About re-index and re-import speed expectations
By marcos on Sep 16, 2008
Here are some very light internals that can be made freely shareable to make up some reasonable expectations regarding the re-import and re-index speed comparisons between the different existing DS versions (DS5.x, DS6.x) and the forthcoming DS future. For those wanting to know more, feel free to contact your Sun Support Representative, as there is no room for any additional comment on this topic in a public blog like this one.
DS5.x Re-index model (db2index)
- 1 single thread that does it all:
for 1 to M (indexes to re-index)
vlv (if requested)
parentid (if requested)
ancestorid (if requested)
=> because of the above, re-index perfs are often below those of a re-import when number of indexes to re-index is bigger than 2 or 3 attributes.
DS5.x Import Model (ldif2db)
- 1 thread PRODUCER that does( among other things)
Read and parse LDIF
- 1 thread FOREMAN that does( among other things)
- 1 thread per index (N indexes => N threads)

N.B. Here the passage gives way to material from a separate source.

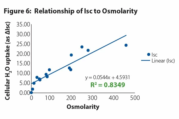 When water and nutrients are transported from the lumen through epithelial cells, electronic charges are generated that occur naturally in a functioning gut. Research experiments mimicking these electronic charges are used to validate the relationship from osmolarity to absorption. Specifically, the strength of Isc (short-circuit) electrical current is measured and the higher the electrical current the more water and nutrients are being transported. Figure 6 shows a direct relationship of higher electrical currents with increased osmolarity.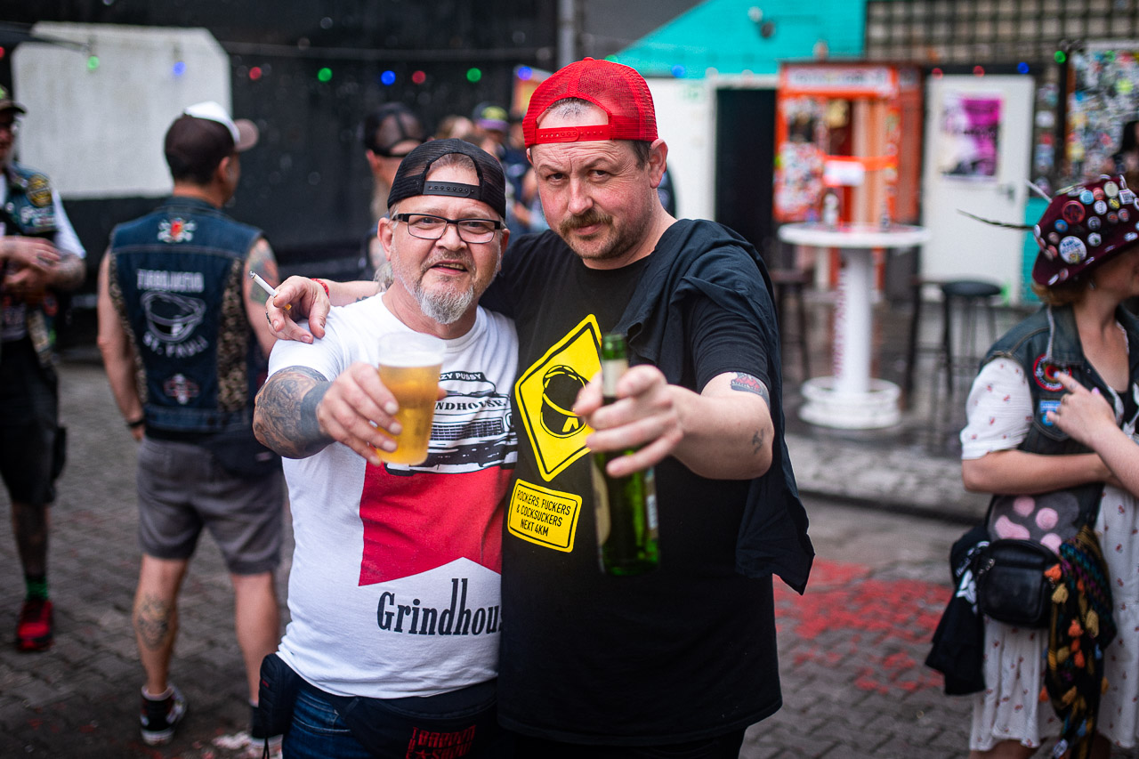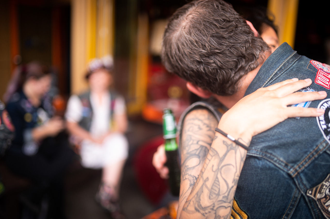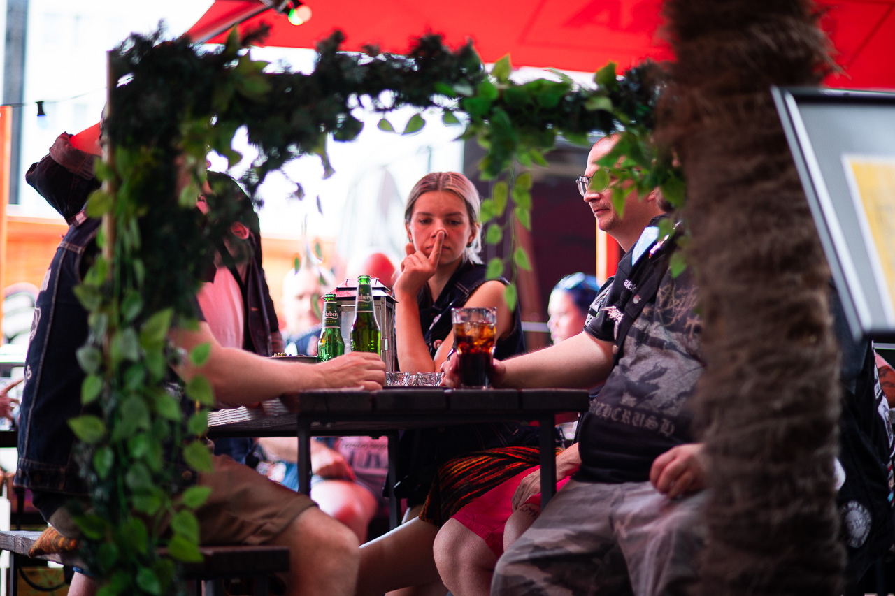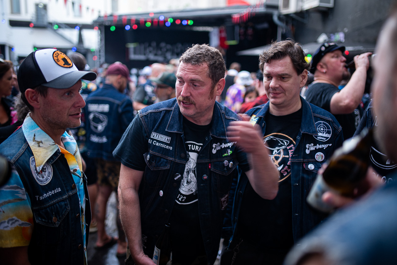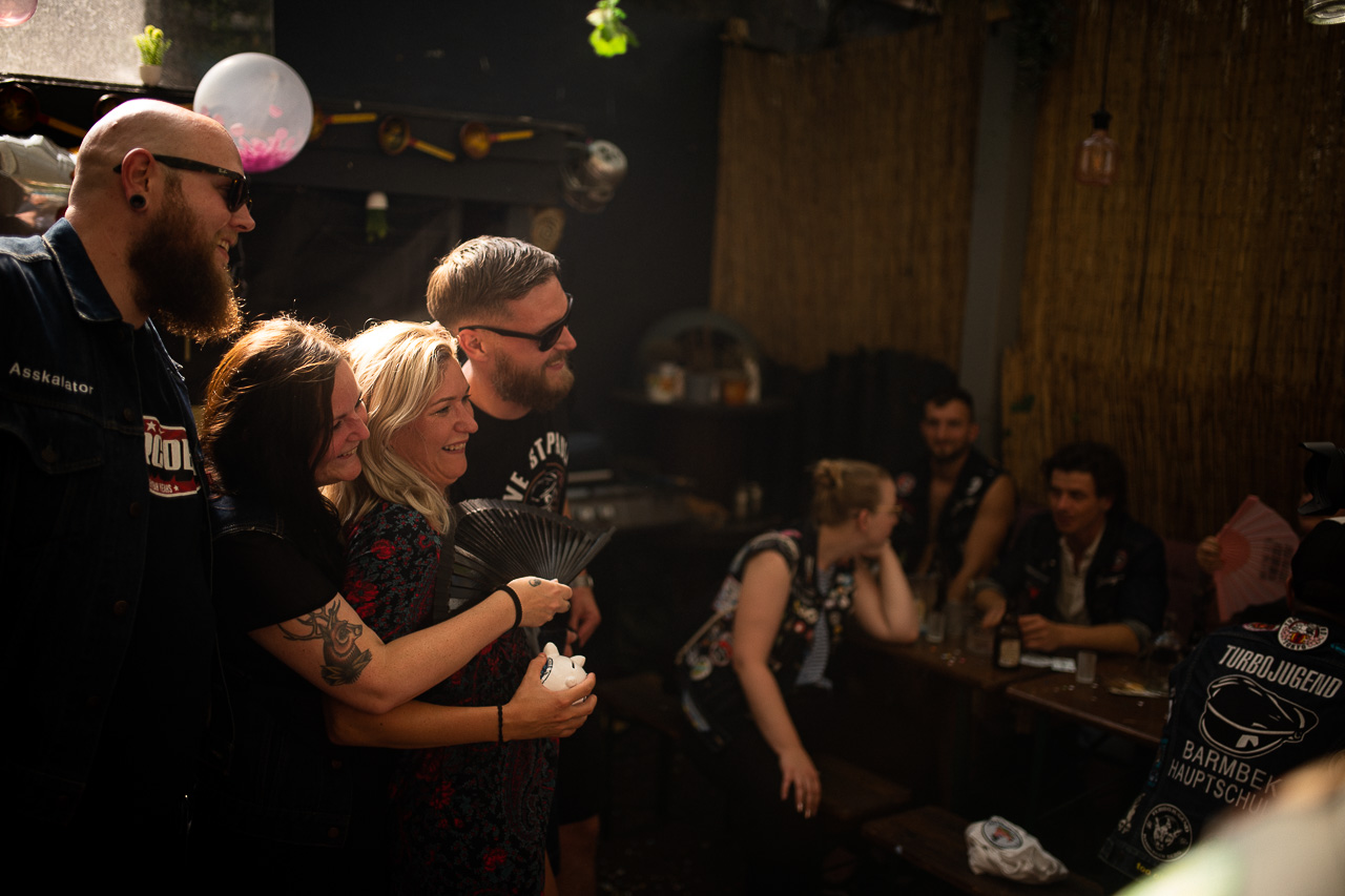 Their denim jackets are called „Kutte“. A proper Kutte is usually decorated with an insane amount of batches from Bands and political statements. The people who wear these Kutten (plural for Kutte) often are found to be usually drunk, sometimes a bit misbehaving but always antifascist. Let’s face it: they are a very colourful and diverse bunch of people who enjoy to party hard.

In general, FOREMAN is the bottleneck, but sometimes PRODUCER is as well (for example, on flat trees, where foreman can run faster as ancestorid and parentid indexes are easier to compute). Another example where FOREMAN may not be the bottleneck is when there is a relevant presence of huge indexes (long values in substring and presence and equality), depending on LDIF and configuration.
DS6.x Re-index model (db2index)
The design is still the same as in DS5. This said, the performances of db_get alone and str2entry have been impacted with the additions of new features/fixes which allow to speed up searches and provide better password policy capabilities.
As a consequence, DS6.x re-index is in general slightly slower than DS5.x re-index. A bug exists in DS6.3 to address this concern: 6640806. While the bug can't be fixed in DS6.3, it will be fixed in a post-DS6.x forthcoming release using completely different code.
DS6.x Import Model (ldif2db)
Same model as for DS5.x, the good news is that DS6.x re-import is in general as fast as DS5.x for the same platform and LDIF input. A DS6.x re-import will only be slower than DS5.x re-import in the cases where the FOREMAN thread or the indexes are not the bottleneck, which is really the exception.
Because of all of the above, it is in general a good idea in DS6.x to re-import instead of re-index, specially if the number of indexes to be re-indexed is consequent.
The following comments are about a post-DS6 forthcoming release, not ready yet for external use:
Re-index will be changed to benefit from the same source code than re-import, which means parallel threads doing the re-index. This should give back impressive perfs for re-index.
Additionally, there will be N PRODUCER threads instead of 1, and that will speed up the imports in many cases.